Ненила рассказала, как было.

— Эко неладное у вас творится! — сказал Семен Степанович. — Да уж больше без моего ведома она человека с места не стронет. А ты скажи, отчего к Сергею такая несправедливость?

— И то гадаем, батюшка. Думаем, Сергей-то Васильевич на барина покойного лицом схожи, а они барыню крепко бивали. Да еще вон какие здоровенькие растут, а Осип Васильевич в матушку уродились и лицом и норовом, да хворые…

Дяденька сказал:

— Ну ладно. А по нонешному делу вот что: ежели и вторые Осип снова зачнет нудить, то прямо ступай ко мне, а уж я с сестрицей разберусь. Они ведь для Осипа и куплены были, да полагал малость пождать, чтоб подрос.
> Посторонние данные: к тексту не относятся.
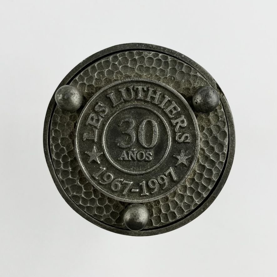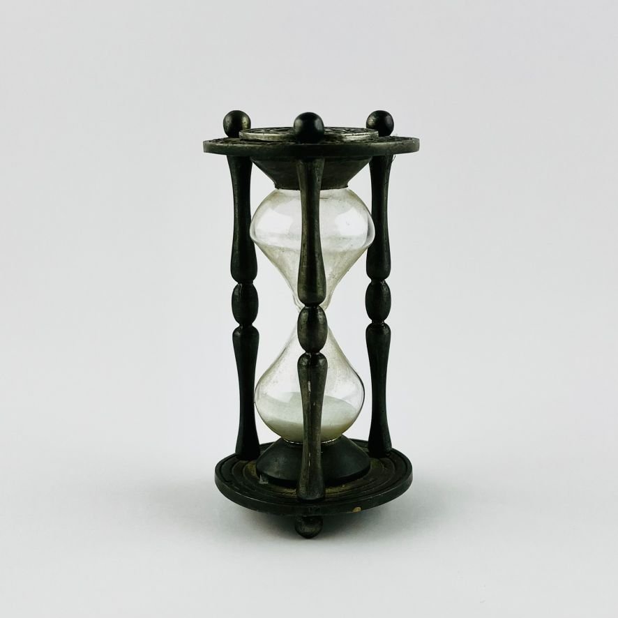 Reloj de arena en peltre con depósito de vidrio. Realizado en homenaje a los treinta años de Les Luthiers, 1967-1997. 12 x 6.5 cm.
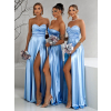 Světle modré dlouhé šaty SYCHAEUS pro družičky bez ramínek

— Слушаю, батюшка. Заступись ты за нас, сирот.

Увидевши вторые сапожки, Осип стал было их требовать, но Ненила что-то вполголоса доложила матушке, и та в сердцах велела ей с Сергеем тотчас идти на двор — «не злить бедного дитю…».

После этого происшествия Сергей стал ходить за дяденькой, как говорится, «хвостом» — почти неотлучно. Часто они с Ненилой оставались в «таборе» и обедать, благо матушка о них не вспоминала, а варево у Фили готовилось вкусное, особенно каша с салом, называвшаяся не по-нашему — «кулеш».

— Ну, ординарец, выступать! — командовал утром Семен Степанович, давая Сергею моток бечевки, а сам беря корзинку с колышками и план.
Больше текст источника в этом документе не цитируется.